Under provision E.1.2 of the CG Code, the chairman of the Board is recommended to attend annual
general meetings of the Company. Dr. Xiong Weiping, being the chairman of the Board, was absent
from the AGM due to a pre-arranged business commitment.
- 36 -
Under code provision A.2.1 of the CG Code, the roles of chairman and chief executive of the
Company should be performed by separate individuals, but due to Dr. Zhang Chengzhongs
background, qualifications and experience at the Company, he was considered the most suitable
person to take both roles in the current circumstances. The Board was of the view that it is
appropriate and in the best interests of the Company that Dr. Zhang Chengzhong holds both
positions at the current stage, as it helps to maintain the continuity of the policies and the stability
and efficiency of the operations of the Company. The Board also meets regularly on a quarterly
basis to review the operations of the Company led by Dr. Zhang Chengzhong. Accordingly, the
Board believes that this arrangement will not impact on the balance of power and authorisations
between the Board and the management of the Company.
COMPLIANCE WITH THE MODEL CODE FOR SECURITIES TRANSACTIONS BY
DIRECTORS OF LISTED ISSUERS
The Company has adopted the Model Code for Securities Transactions by Directors of Listed Issuers
(the Model Code) as set out in Appendix 10 to the Listing Rules as its own code of conduct
regarding Directors securities transactions.

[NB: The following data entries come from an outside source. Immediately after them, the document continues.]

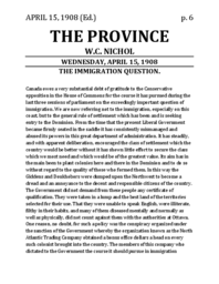 This is an editorial discussing Canadian immigration laws and criticizing the liberal government for mismanaging immigration policy while praising the conservative opposition for pursuing more --effective-- legislation which would allow the government more discretion in who they encouraged or allowed to immigrate. |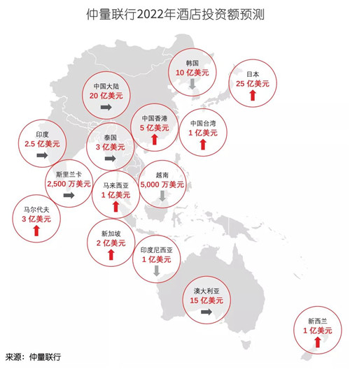 仲量聯行大中華區酒店及旅游地產事業部高級副總裁陳玲瑋指出,隨著國內商務和休閑游出行需求的大幅增長,酒店和旅游行業投資者的信心正在持續快速恢復。盡管市場仍然面臨一系列短期挑戰,但從中長期看,國內酒店與旅游行業的投資活動將保持穩健增長。預計2022年中國酒店投資市場狀況繼續向好,交易額將達20億美元(約合人民幣129億元)。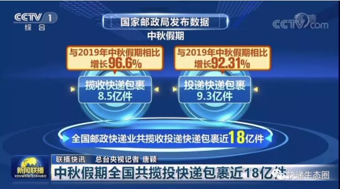 國家郵政局監(jiān)測數(shù)據(jù)顯示,今年中秋假期(9月19日至21日)全國郵政快遞業(yè)運行總體安全、平穩(wěn)有序,共攬收投遞快遞包裹近18億件。其中,攬收快遞包裹8.5億件,與2019年中秋假期相比增長96.6%,日均攬收量與2020年中秋國慶假期相比增長47.33%;投遞快遞包裹9.3億件,與2019年中秋假期相比增長92.31%,日均投遞量與2020年中秋國慶假期相比增長48.63%。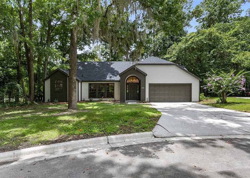 Step into this beautifully remodeled and professionally designed, no-HOA home tucked away in a quiet cul-de-sac in one of the most desirable areas of NW Gainesville! From the moment you walk in, you'll be captivated by the modern finishes, open layout, inviting natural light and LVP flooring throughout the entire home. The spacious living area, with a designed wood burning fireplace, flows seamlessly into a custom kitchen designed to host large gatherings with ease as it features a large island with quartz countertops, new stainless steel appliances, and real wood cabinets. Each bedroom offers comfort and style while both bathrooms have been fully renovated with sleek tilework and upgraded fixtures. You will be sure to fall in love with the primary bathroom as it has a walk-in shower, large soaker tub, and separate vanities. This home is located in a quiet, established neighborhood close to shopping (moments from Millhopper square), dining, parks, and UF, this move-in-ready gem combines convenience, charm, and modern comfort. This home is not only updated cosmetically but structurally as well with a new roof (2023), HVAC (2025), and water heater (2025).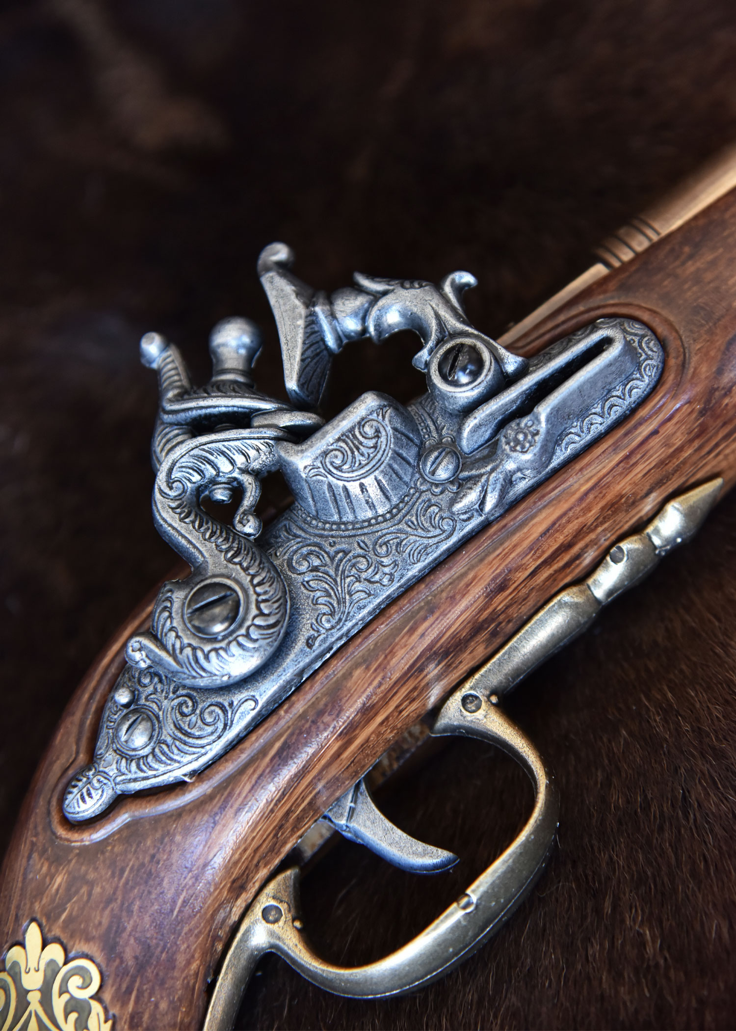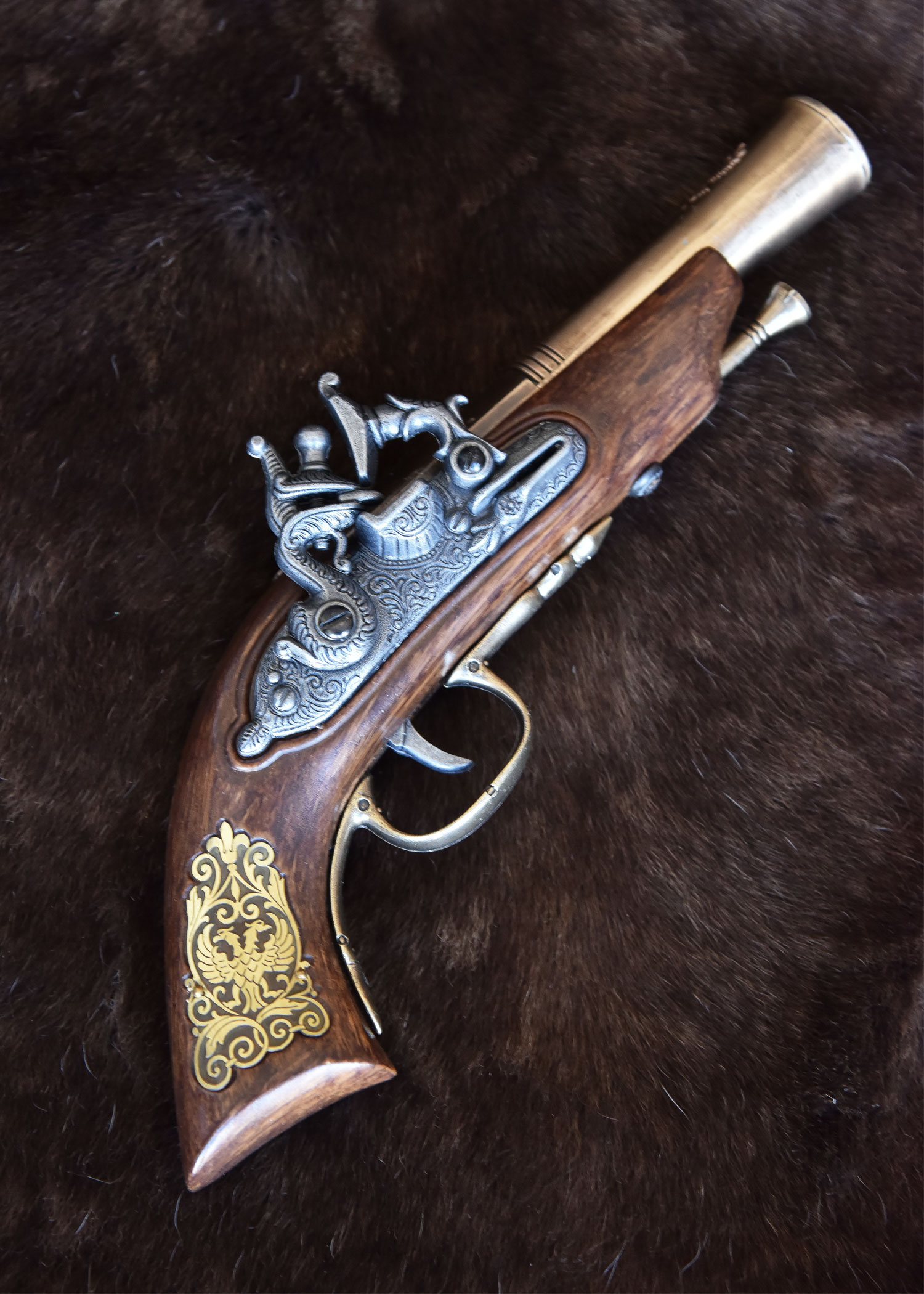Unsere Feuerwaffen-Repliken dienen ausschließlich - und Dekorationszwecken. Die Mechanik der Pistole ist voll beweglich, jedoch ist diese Reproduktion nicht funktionsfähig. Der Ladestock ist fest verbaut.

The Company has made specific enquiry to all Directors,
and all Directors have confirmed that, for the six months period ended 30 June 2014, they were in
compliance with the required standard as set out in the Model Code.
PURCHASE, SALE OR REDEMPTION OF LISTED SECURITIES
There was no purchase, sale or redemption of any listed securities of the Company by the Company
or any of its subsidiaries during the six months period ended 30 June 2014.
AUDIT COMMITTEE
The Board has established an audit committee (the Audit Committee) which comprises two nonexecutive Directors, namely, Dr. Xiong Weiping and Dr. Liu Caiming and three independent nonexecutive Directors, namely Mr. Lai Yat Kwong Fred, Mr. Scott McKee Hand and Mr. Ronald
Ashley Hall. Mr. Lai Yat Kwong Fred is the chairman of the Audit Committee.
From 28 August 2014, Dr. Li Bohan and Mr. Liu Hongjun, newly appointed non-executive Director,
have replaced Dr. Xiong Weiping and Dr. Liu Caiming, who resigned as non-executive Directors
with effect from 28 August 2014, as the Audit Committee members.
The Audit Committee has reviewed together with management the unaudited interim condensed
consolidated financial statements of the Group for the six months ended 30 June 2014. The Audit
Committee has also reviewed the effectiveness of the internal control system of the Company and
considers the internal control system to be effective and adequate.
The interim results for the six months ended 30 June 2014 are unaudited, but have been reviewed by
Ernst & Young in accordance with International Standard on Review Engagements 2410 Review of
Interim Financial Information Performed by the Independent Auditor of the Entity.